Developing a Niche Online-Content Indexing System? 134
tebee writes "One of my hobbies has benefited for 20
years or so by the existence of an online index to all magazine
articles on the subject since the 1930s. It lets you list the
articles in any particular magazine or search for an article by
keyword, title or author, refining the search if necessary by
magazine and/or date. Unfortunately the firm which hosts the
index have recently pulled it from their website, citing security
worries and incompatibilities with the rest of their e-commerce
website: the heart of the system is a 20-year-old DOS program! They
have no plans to replace it as the original data is in an unknown
format. So we are talking about putting together
a team to build a open source replacement for this – probably using
PHP and MySQL. The governing body for the hobby has agreed to host
this and we are in negotiations to try and get the original data. We
hope that by volunteers crowd-sourcing the conversion, we will be
able to do what was commercially impossible." Tebee is looking for ideas about the best way to go about this, and for leads to existing approaches; read on for more.
tebee continues:
"It occurs to me that there could be
existing open-source projects that do roughly what we want to do —
maybe something indexing academic papers. But two days of trawling
through script sites and googling has not produced any results.
Remember that here we only point to the original article, we don't have the text of it online, though it has been suggested that we expand to do this. Unfortunately I think copyright considerations will prevent us from doing it, unless we can get our own version of the Google book agreement!
So does anyone know of anything that will save us the effort of writing our system or at least provide a starting point for us to work on?"
It would help (Score:3, Insightful)
Developing a Niche Online-Content Indexing System? (Score:4, Insightful)
File format, not the implementation details (Score:3, Insightful)
Using a Howitzer to Hunt Squirrels (Score:3, Insightful)
Lots of people here are recommending using tools that are built for very large scale projects.
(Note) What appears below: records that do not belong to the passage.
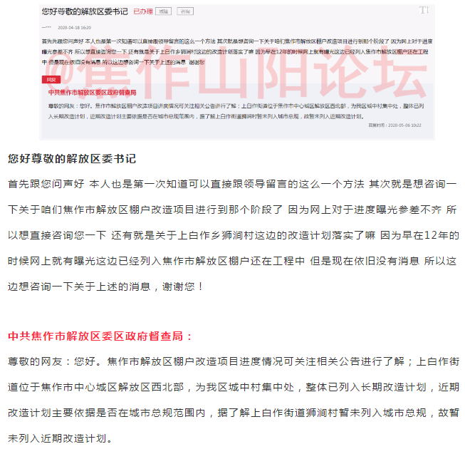 近日,在【领导留言板】官网上看到有网友咨询市区棚户区的拆迁问题,中共焦作市解放区委区政府督查局正式回应了网友们所咨询的问题: 焦作这里确定不拆了! ...
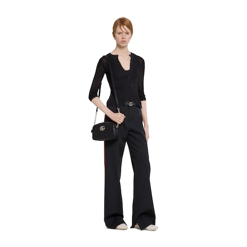 คอลเล็กชั่น GG Marmont อันเป็นเอกลักษณ์ของแบรนด์นำเสนอด้วย Double G อันเป็นเอกลักษณ์ สายโซ่แบบเหลี่ยมมุม และรูปทรงสไตล์ร่วมสมัย กระเป๋าสไตล์แคมเมราโฉมใหม่ใบนี้โดดเด่นด้วยความประณีตด้วยหนังที่อ่อนนุ่มเป็นพิเศษและฮาร์ดแวร์อันประณีตในผิวสัมผัสโทนสีทองอ่อน
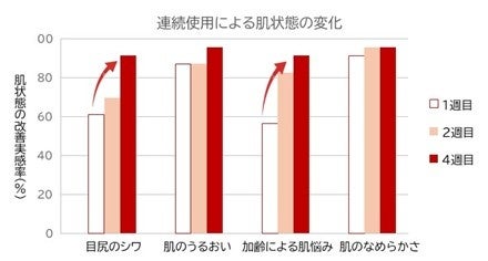 セルプラスを連続使用することで肌状態の改善を実感した被験者の割合は、肌のなめらかさやうるおいについて1週目から高い実感率を示し、目尻のシワや加齢による肌悩みは2週目から実感率が高まりました。
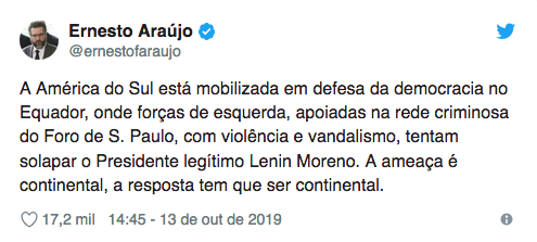 Gonçalves também classificou como “completamente inadequada e inconveniente” a posição do ministro brasileiro das Relações Exteriores, Ernesto Araújo. Pelo Twitter, ele atribuiu a crise no Equador à atuação de “forças de esquerda” que estariam tentando derrubar o presidente Moreno. “Quem respondeu a isso não foi a esquerda ou o Foro de São Paulo. Trata-se de uma fantasia que habita a cabeça delirante do ministro. O que houve foi uma reação popular contra uma medida que prejudica os interesses da população.”
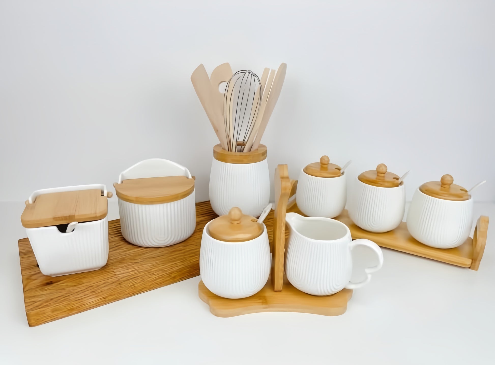 Sarero y Azucarero de Porcelana Blanco con Tapa de Madera Estilo Nordico…
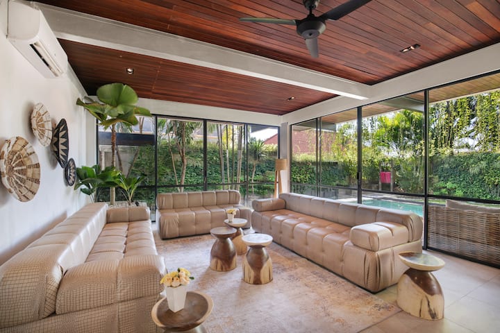 ห้องนั่งเล่นที่อยู่ชั้นล่างมีเครื่องปรับอากาศครบครันและมีพัดลมเพดานเพิ่มเติมเพื่อเพิ่มลมพัด ทำให้เป็นสถานที่พักผ่อนที่สมบูรณ์แบบจากความร้อนเขตร้อนของบาหลี
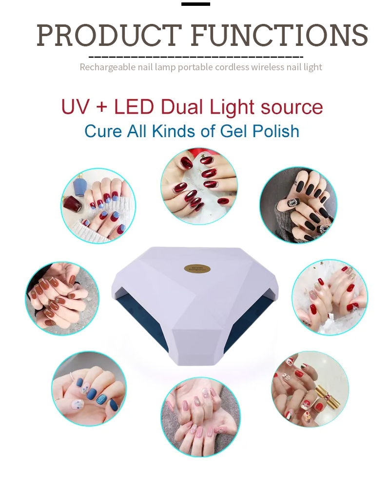 Ապրանքն ապահովում է նույնիսկ սոսինձի չորացում առանց նեղացման: Նրա երկակի լույսի աղբյուրները տալիս են մեղմ ջեռուցում `ձեռքը գունաթափման եւ աչքի լարը կանխելու համար, որոնք հարմար են ինչպես ձեռքի, այնպես էլ ոտքերի համար, զգալիորեն արագ չորացման արդյունքներ տալով:
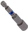 Хвостовик бит - E1/4", наиболее распространённый. 1/4" - это посадочный размер изделия, то есть его нерабочей стороны, которой оно крепится в патроне инструмента. E – один из двух основных (наряду с C) вариантов исполнения: на нём есть глубокая кольцевая выемка под шариковый фиксатор. Если в патроне отвёртки или шуруповерта не предусмотрена пружинная фиксация оснастки, то хвостовики обоих исполнений взаимозаменяемы.
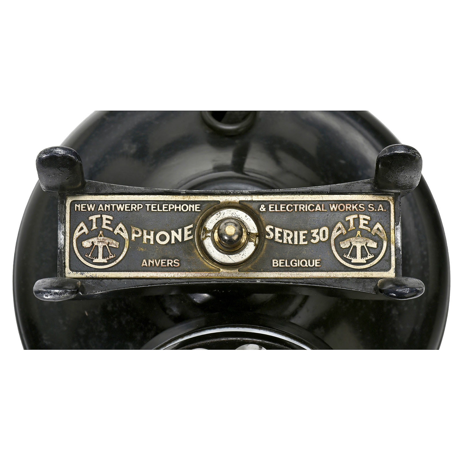 Manufacturer: New Antwerp Telephone & Electrical Works. Bakelite and metal body, typical Atea design handset, good original condition, a very rare telephone!
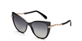 Óculos de sol Serpenti com armação preta e lentes cinza com hastes de metal com detalhes de escamas em ouro rosé.
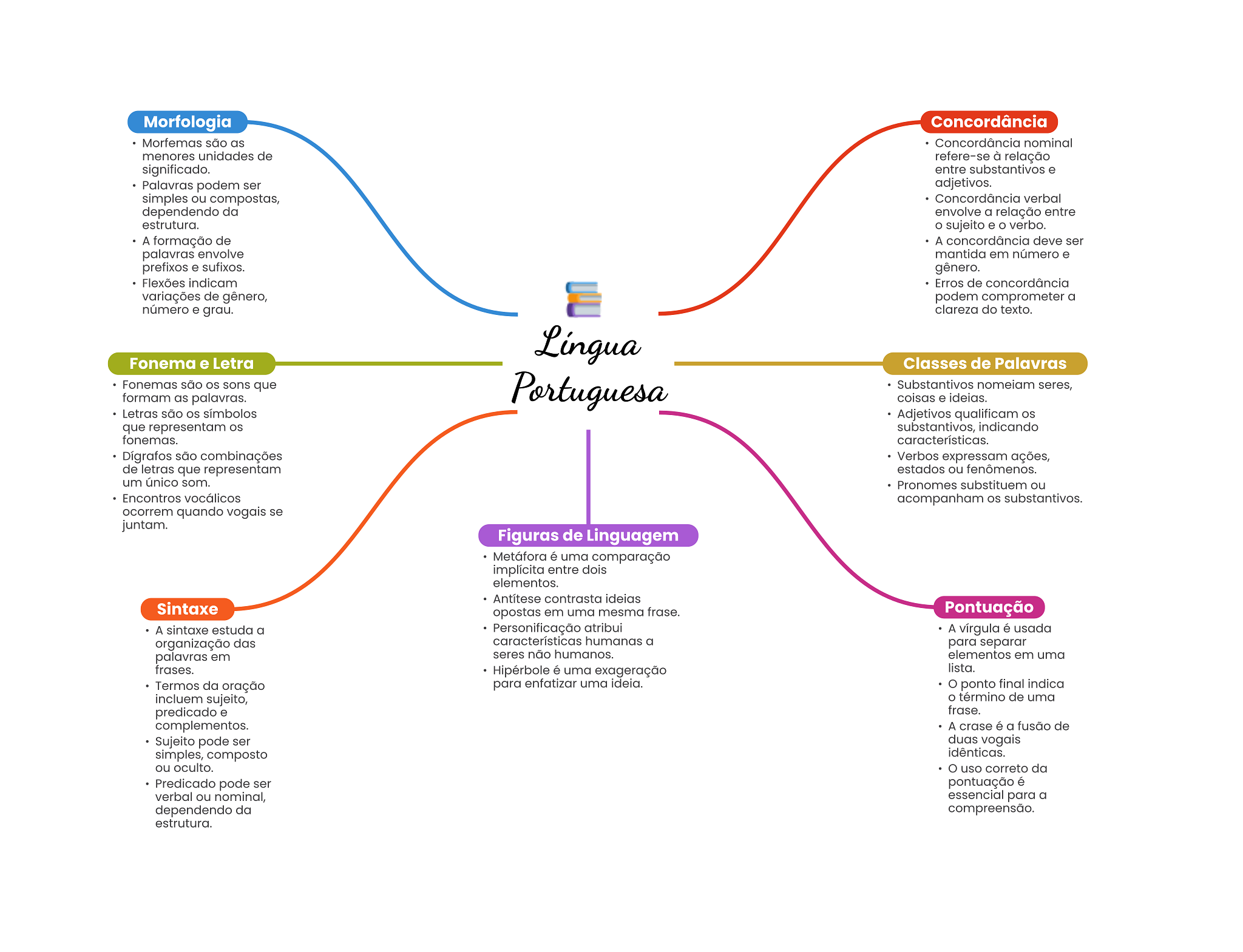 Morfologia Concordância Morfemas são as Concordância nominal menores unidades de refere-se à relação significado. entre substantivos e Palavras podem ser adjetivos. simples ou compostas, Concordância verbal dependendo da envolve a relação entre estrutura. sujeito e verbo. A formação de A concordância deve ser palavras envolve mantida em número e prefixos e sufixos. gênero. Flexões indicam Erros de concordância variações de gênero, podem comprometer a número e grau. clareza do texto. Língua Fonema e Letra Classes de Palavras Fonemas são OS sons que formam as palavras. Portuguesa Substantivos nomeiam seres, coisas e ideias. Letras são OS símbolos Adjetivos qualificam OS que representam OS substantivos, indicando fonemas. características. são combinações Verbos expressam ações, de letras que representam estados ou fenômenos. um único som. Pronomes substituem ou Encontros vocálicos acompanham substantivos. ocorrem quando vogais se juntam. Figuras de Linguagem Metáfora é uma comparação implícita entre dois elementos. Antítese contrasta ideias Sintaxe opostas em uma mesma frase. Pontuação A sintaxe estuda a Personificação atribui A vírgula é usada organização das características humanas a para separar palavras em seres não humanos. elementos em uma frases. Hipérbole é uma exageração lista. Termos da oração para enfatizar uma ideia. O ponto final indica incluem sujeito, término de uma predicado e frase. complementos. A crase é a fusão de Sujeito pode ser duas vogais simples, composto idênticas. ou oculto. uso correto da Predicado pode ser pontuação é verbal ou nominal, essencial para a dependendo da compreensão. estrutura.
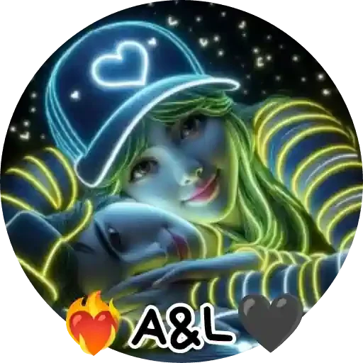 Una mujer con cabello verde y una gorra de neón con un corazón, en un fondo oscuro con estrellas. Ella sonríe y tiene una expresión feliz. El texto 'A&L' y un corazón en llamas aparecen en la parte inferior.

Based on the fact you have a DOS based system that likely used a pretty common library for storing the data (something like c-tree, btrieve, a dbase library or simply saving binary data using whatever language the app was written in), using any RDBMS like MySQL or even SQLite probably would do the job. PHP, Python, Ruby and Perl would probably make writing the actual application a snap - and be able to handle more of a load that the DOS app could.
Here's to hoping you can get the data. Hopefully the vendor that pulled the database down realizes how important to marketing it is and reverses course.
No, no, NO! (Score:4, Insightful)
Your suggestions make sense, but suggesting to store comma-delimited plain text in a SQL table is wrong by any and all database standards & best practises. You fail to reach even the first normalized form.
Read http://en.wikipedia.org/wiki/Database_normalization [wikipedia.org]
You want to define a table "tags" or something with id, article_id, name, comment. Make the combination of id, parent_id, name unique.
* id is on auto-increase, not NULL
* article_id is a foreign key to the id of the article, not NULL
* name is the name of the tag, not NULL
* comment is an optional comment explaining the tag (for example in the mouse-over or on the site listing everything with that tag), may be NULL
Not only is that easier to maintain in the long run (think of parsing plain text out of a VARCHAR. argh!), but all of a sudden, you have the data you _store_ available to _access_.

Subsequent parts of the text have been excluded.